The Maltese shopkeeper

[This is the headline over an article by Dr Ludwig de Braeckeleer that was published on this date in 2008 on the OhmyNews International website. It reads as follows:]

Edward Gauci owns a small store Mary's House, at 63 Tower Road, Sliema in Malta. His sons, Paul and Tony, run the business. On Sept 22 1988, Paul ordered a few Babygros. The investigator of the bombing of Pan Am 103 discovered that the IED had been surrounded by clothes bought from the Gauci store. According to the US State Department, the clothes were bought on, or about, Dec 7, 1988.

In September 2003, Megrahi, the only person convicted of the bombing of Pan Am 103, applied to the Scottish Criminal Cases Review Commission [SCCRC] for a legal review of his conviction. His request was based on the legal test contained in section 106(3)(b) of the Criminal Procedure (Scotland) Act 1995.

The provision states that an appeal may be made against "any alleged miscarriage of justice, which may include such a miscarriage based on ... the jury's having returned a verdict which no reasonable jury, properly directed, could have returned."

In June 2007, the SCCRC decided to grant Megrahi a second appeal and to refer his case to the High Court. An impressive 800-page-long document, stating the reasons for the decision, has been sent to the High Court, the applicant, his solicitor, and Crown Office. Although the document is not available to the public, the Commission has decided "to provide a fuller news release than normal."

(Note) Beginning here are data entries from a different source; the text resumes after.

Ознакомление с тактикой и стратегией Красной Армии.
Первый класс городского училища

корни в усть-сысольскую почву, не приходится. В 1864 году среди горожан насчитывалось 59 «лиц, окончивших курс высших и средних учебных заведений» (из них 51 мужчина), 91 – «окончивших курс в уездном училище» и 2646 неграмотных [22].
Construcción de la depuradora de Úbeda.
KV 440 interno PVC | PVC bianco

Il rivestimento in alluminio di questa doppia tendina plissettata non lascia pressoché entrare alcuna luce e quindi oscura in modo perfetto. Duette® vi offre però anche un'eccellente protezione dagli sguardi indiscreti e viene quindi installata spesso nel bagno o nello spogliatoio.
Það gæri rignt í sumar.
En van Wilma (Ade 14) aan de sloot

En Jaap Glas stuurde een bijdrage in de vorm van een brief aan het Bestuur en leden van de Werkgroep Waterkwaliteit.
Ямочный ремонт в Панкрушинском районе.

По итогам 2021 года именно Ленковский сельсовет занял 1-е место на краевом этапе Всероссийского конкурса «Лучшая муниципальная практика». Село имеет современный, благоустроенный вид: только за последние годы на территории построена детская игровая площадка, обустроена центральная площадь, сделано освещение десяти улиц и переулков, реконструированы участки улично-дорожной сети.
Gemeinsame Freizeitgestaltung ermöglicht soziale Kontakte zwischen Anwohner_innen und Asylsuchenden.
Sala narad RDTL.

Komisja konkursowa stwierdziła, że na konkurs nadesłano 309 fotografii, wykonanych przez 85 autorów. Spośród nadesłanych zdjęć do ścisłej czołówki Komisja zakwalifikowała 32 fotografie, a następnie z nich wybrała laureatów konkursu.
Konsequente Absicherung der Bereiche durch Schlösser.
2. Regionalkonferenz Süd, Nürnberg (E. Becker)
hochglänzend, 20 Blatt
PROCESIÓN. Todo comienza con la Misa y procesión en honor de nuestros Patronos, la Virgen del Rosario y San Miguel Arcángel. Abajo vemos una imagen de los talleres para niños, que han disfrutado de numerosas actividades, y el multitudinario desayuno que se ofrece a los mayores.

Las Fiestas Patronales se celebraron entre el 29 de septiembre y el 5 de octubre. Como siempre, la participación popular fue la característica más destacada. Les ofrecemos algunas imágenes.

Based on new evidence not heard at the trial, as well as additional and other evidence not made available to the defence, the Commission formed the view "that there is no reasonable basis in the trial court's judgment for its conclusion that the purchase of the items from Mary's House, took place on Dec 7, 1988."

The conviction of Megrahi relies heavily, in fact almost entirely, on the fact that the bomb was wrapped in clothes that he personally bought in Malta. The prosecutor established that Megrahi was indeed in Malta on Dec 7, 1988 and Tony Gauci, the shopkeeper of the clothes store Mary's House, testified that he had sold the clothes to a man who resembles Megrahi.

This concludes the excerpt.